The United Nations food relief agency today raised concerns about its ability to reach people in Gaza if conditions worsen, while the UN health agency said medicines were already in short supply.
“Access to Gaza is a significant challenge under normal circumstances,” the UN World Food Programme (WFP) said in a news release on its activities in Gaza, where the population of 1.6 million – half of them children – continues to face an Israeli blockade imposed in 2007.
“WFP is concerned about access to people in the territory if conflict escalates and humanitarian needs increase,” it added.
The latest wave of violence between Israel and Gaza began on 14 November and has included rocket attacks against Israel from Gaza, and Israeli airstrikes on Gaza.
As part of its regular monthly programme to help feed 285,000 vulnerable people throughout the Gaza Strip, WFP said it began on Tuesday to deliver food to 30,000 people at six sites in Gaza. It is also supplying wheat flour to bakeries so that free bread can be given to people who have seen their homes destroyed.
“On Tuesday, four trucks with WFP food stocks attempted to enter via the Karem Shalom crossing, but had to turn back due to rocket fire,” WFP said of a crossing on the Gaza Strip-Israel-Egypt border.
“The trucks were carrying 120 metric tons of food, enough to feed 5,600 people for a month,” the agency added, saying it was “critical to ensure this access point is open for humanitarian food and other supplies in the coming days.”
On the question of food distribution, WFP said it has sufficient supplies pre-positioned inside and outside Gaza to cover the needs of its usual caseload of 285,000 people for more than three months, according to its news release.
In addition, free bread baked with WFP-supplied wheat, as well as canned goods, will be given as emergency food assistance to some 350 families throughout Gaza – comprising around 2,100 people – in the coming days, for an “initial period” of 10 days, WFP said. Under its regular operations, WFP uses food vouchers, school meals and food rations to poor and food-insecure households who are affected by the on-going blockade, the agency said.

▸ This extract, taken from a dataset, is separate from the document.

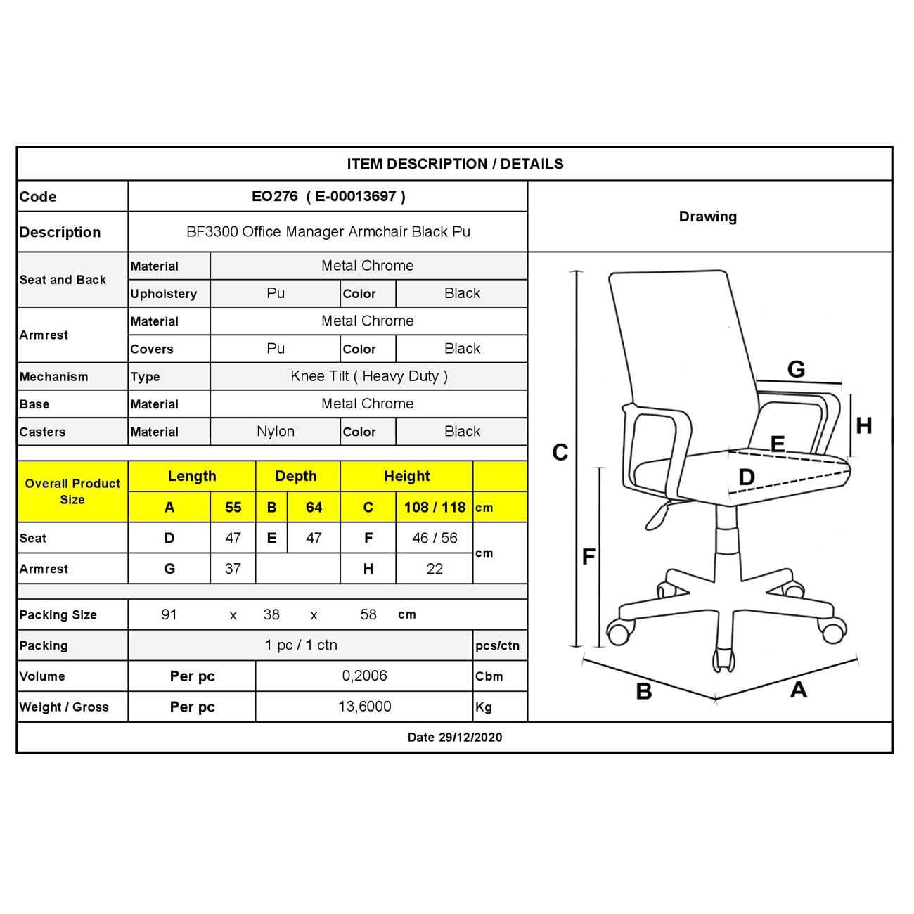 ΕΟ276 BF3300 Πολυθρόνα Διευθ.Μαύρο

From its Geneva headquarters, the UN World Health Organization (WHO) today issued an appeal for $10 million to help restock medical supplies in Gaza, with the agency noting that the latest wave of violence had killed 132 people there, including 30 children and 11 women. Of 1,090 people injured, there are 381 children, 186 women and 83 seniors.
“The problem with the hospitals is not staff, (but) the shortage of supplies and drugs,” Dr. Mahmoud Daher, of the WHO office in Gaza, said in an interview with UN Radio.

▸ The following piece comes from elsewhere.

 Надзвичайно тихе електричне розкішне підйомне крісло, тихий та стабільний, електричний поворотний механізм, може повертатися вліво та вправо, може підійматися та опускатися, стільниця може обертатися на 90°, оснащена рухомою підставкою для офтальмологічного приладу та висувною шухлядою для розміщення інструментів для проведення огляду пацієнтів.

He added, “More than 50 per cent of the essential drugs list is below one month consumption rate and, in such conditions, coping with (an) increasing number of casualties will be problematic, as has been seen in the past couple of days.”
At least one major health facility has been directly hit by a mortar shell, according to WHO, which also cited reports of damage to other treatment centres, as well as to ambulances.
“The Jordanian field hospital sustained damage in the medical wards as a missile penetrated the two roofs of the hospital,” said Dr. Daher. He also noted that more than 50 per cent of the violence-affected children were below the age of five.
Other UN agencies speaking out on Wednesday included the Paris-based UN Educational, Scientific and Cultural Organization (UNESCO). Its chief condemned the killing of three Palestinian journalists in air strikes on 20 November, and voiced alarm over reports the violence had resulted in schools being hit both in Gaza and southern Israel.
“I am deeply concerned about the reported targeting of media facilities and personnel that have left three Palestinian journalists dead: Mahmoud Al-Komi, Hossam Salameh Mohammed and Abu Eisha,” said UNESCO’s Director-General, Irina Bokova, according to a news release from the agency, which is mandated to defend press freedom and promote education,
“The civilian status of journalists and their right to carry out their professional duties should be respected,” she added.
Ms. Bokova said she was “equally alarmed” by the strikes on schools, saying they should “offer a safe environment for children,” and that “attacks against them (were) a denial of the right to education and should be firmly condemned.”
The UNESCO chief said she added her voice to that of Secretary-General Ban Ki-moon, who said on Tuesday, following a meeting with Israeli Prime Minister Benjamin Netanyahu in Jerusalem, that his “paramount immediate concern” was for the safety and well-being of all civilians.
Mr. Ban, who was in Ramallah in the West Bank today to meet with the President of the Palestinian National Authority, Mahmoud Abbas, has been at the head of a cavalcade of UN officials appealing for an end to the current violence, and strongly urging the parties to achieve an immediate ceasefire.